Collected data:
-.-.-

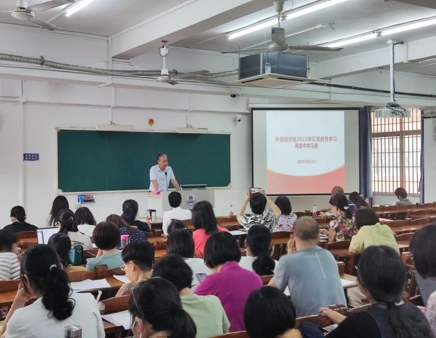 9月3日下午,外国语学院在教三405召开2023年纪律教育学习月活动部署推进会暨传达学校2023年秋季学期学校中层干部会议精神。学院全体党政领导班子成员和教职工参加推进会,会议由学院党委书记陈永国主持。
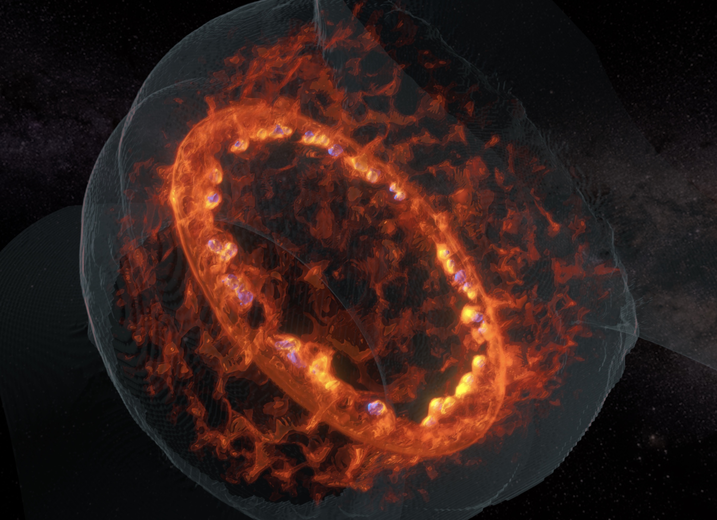 L’esperimento ha dimostrato che le energie relativistiche a cui sono accelerate le particelle dallo shock surfing acceleration sono sufficienti a innescare un ulteriore processo – noto come diffusive shock acceleration e non riprodotto dall’esperimento – in grado di portare le particelle a valori di energia tipici dei raggi cosmici. «Con gli esperimenti di laboratorio», aggiunge infatti un altro dei coautori, l’astrofisico Salvatore Orlando dell’Inaf di Palermo, «siamo riusciti a ricreare, in scala, condizioni fisiche estremamente simili a quelle che si osservano in alcuni resti di supernova, mostrando che il processo di surfing può innescare il meccanismo di accelerazione dei raggi cosmici in queste sorgenti». Infine, sia l’esperimento che le simulazioni hanno dimostrato l’importanza del campo magnetico, senza il quale non è possibile formare lo shock in espansione.
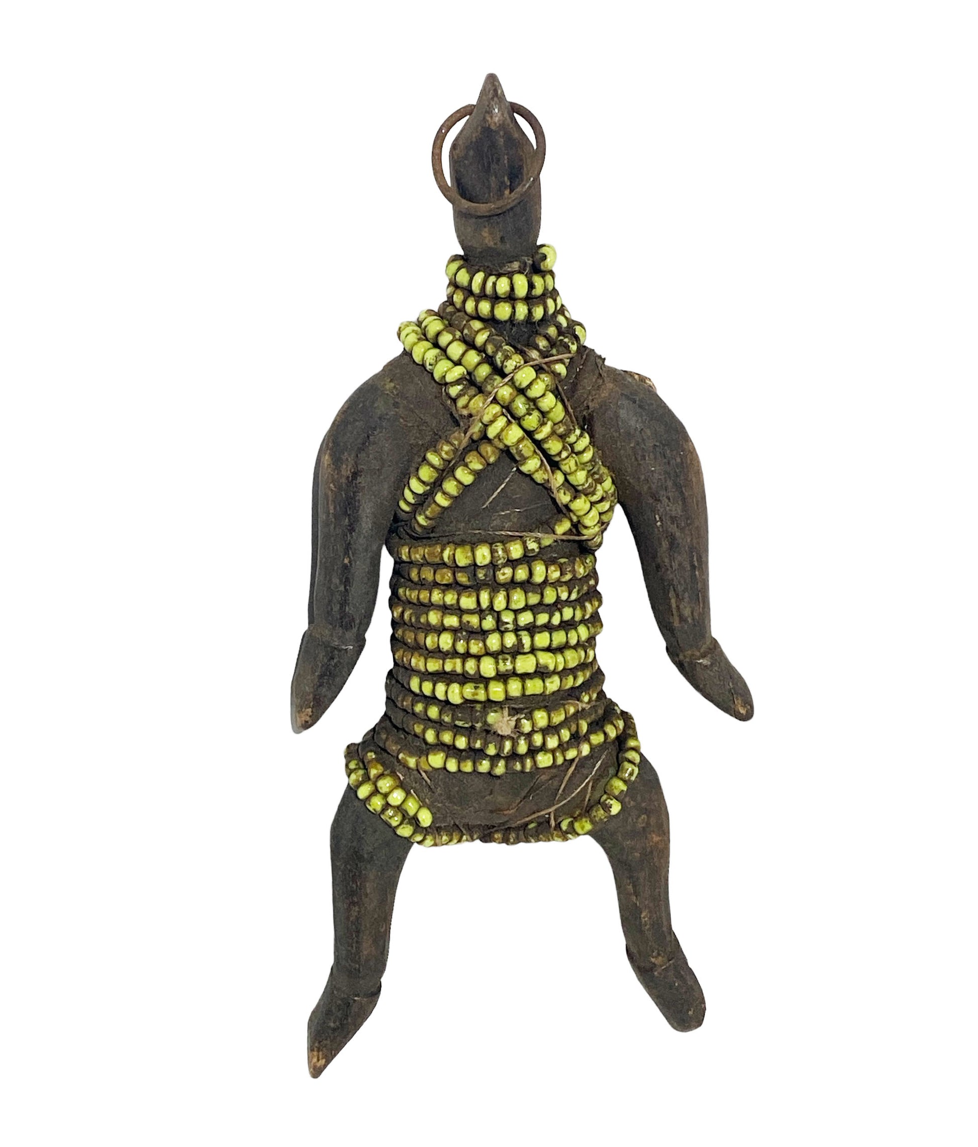 This stunning African Fali fertility doll is adorned with multiple layers of intricate glass beads and a leather amulet. Measuring 8.5" in height, 4" in width, and 1" in depth, this doll holds a special meaning in Cameroon. Traditionally, when a young Fali man becomes engaged, he creates a doll (known as a ham pilu) from wood and embellishes it with hair, beads, and other small objects. He then presents it to his future wife, who carries it in a baby carrier on her back. This doll serves as a symbolic representation of their marriage commitment and the hopes for their future child. The man also assigns the doll a gender, indicating his preference for their first-born. The young woman takes care of the doll until the promised child is born, at which point it is carefully stored away by the couple.
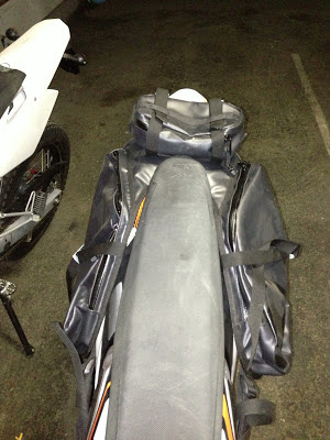 バッグ全体をもう少し前よりに装着すれば、サイレンサーに触れることはないのですが、そうするとバッグを取り外さないとシートを外すことができず給油できません。
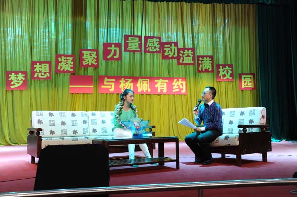 5月16日晚,best365官网在江南校区大礼堂举办以“梦想凝聚力量 感动溢满校园”为主题的第三届“四自教育”系列活动暨感动校园人物评选活动启动仪式之与杨佩有约访谈活动。学校党委副书记胡鸿晓,团市委副书记梁鸿,平利县宣传部常务副部长刘勇,各院系党总支书记、团总支书记及各院系学生代表参加了启动仪式。启动仪式邀请了《中国梦想秀》节目中圆梦成功的安康平利县女孩杨佩做客访谈,与best365官网大学生共话人生感悟,使与会师生在访谈活动中共同见证了杨佩这个折翼天使身残志坚、让人敬佩与感动的传奇。

-.-.-

# Work order
Each record above needs to be retyped exactly, without any pictures.

# Exercise result
 9月3日下午,外国语学院在教三405召开2023年纪律教育学习月活动部署推进会暨传达学校2023年秋季学期学校中层干部会议精神。学院全体党政领导班子成员和教职工参加推进会,会议由学院党委书记陈永国主持。
 L’esperimento ha dimostrato che le energie relativistiche a cui sono accelerate le particelle dallo shock surfing acceleration sono sufficienti a innescare un ulteriore processo – noto come diffusive shock acceleration e non riprodotto dall’esperimento – in grado di portare le particelle a valori di energia tipici dei raggi cosmici. «Con gli esperimenti di laboratorio», aggiunge infatti un altro dei coautori, l’astrofisico Salvatore Orlando dell’Inaf di Palermo, «siamo riusciti a ricreare, in scala, condizioni fisiche estremamente simili a quelle che si osservano in alcuni resti di supernova, mostrando che il processo di surfing può innescare il meccanismo di accelerazione dei raggi cosmici in queste sorgenti». Infine, sia l’esperimento che le simulazioni hanno dimostrato l’importanza del campo magnetico, senza il quale non è possibile formare lo shock in espansione.
 This stunning African Fali fertility doll is adorned with multiple layers of intricate glass beads and a leather amulet. Measuring 8.5" in height, 4" in width, and 1" in depth, this doll holds a special meaning in Cameroon. Traditionally, when a young Fali man becomes engaged, he creates a doll (known as a ham pilu) from wood and embellishes it with hair, beads, and other small objects. He then presents it to his future wife, who carries it in a baby carrier on her back. This doll serves as a symbolic representation of their marriage commitment and the hopes for their future child. The man also assigns the doll a gender, indicating his preference for their first-born. The young woman takes care of the doll until the promised child is born, at which point it is carefully stored away by the couple.
 バッグ全体をもう少し前よりに装着すれば、サイレンサーに触れることはないのですが、そうするとバッグを取り外さないとシートを外すことができず給油できません。
 5月16日晚,best365官网在江南校区大礼堂举办以“梦想凝聚力量 感动溢满校园”为主题的第三届“四自教育”系列活动暨感动校园人物评选活动启动仪式之与杨佩有约访谈活动。学校党委副书记胡鸿晓,团市委副书记梁鸿,平利县宣传部常务副部长刘勇,各院系党总支书记、团总支书记及各院系学生代表参加了启动仪式。启动仪式邀请了《中国梦想秀》节目中圆梦成功的安康平利县女孩杨佩做客访谈,与best365官网大学生共话人生感悟,使与会师生在访谈活动中共同见证了杨佩这个折翼天使身残志坚、让人敬佩与感动的传奇。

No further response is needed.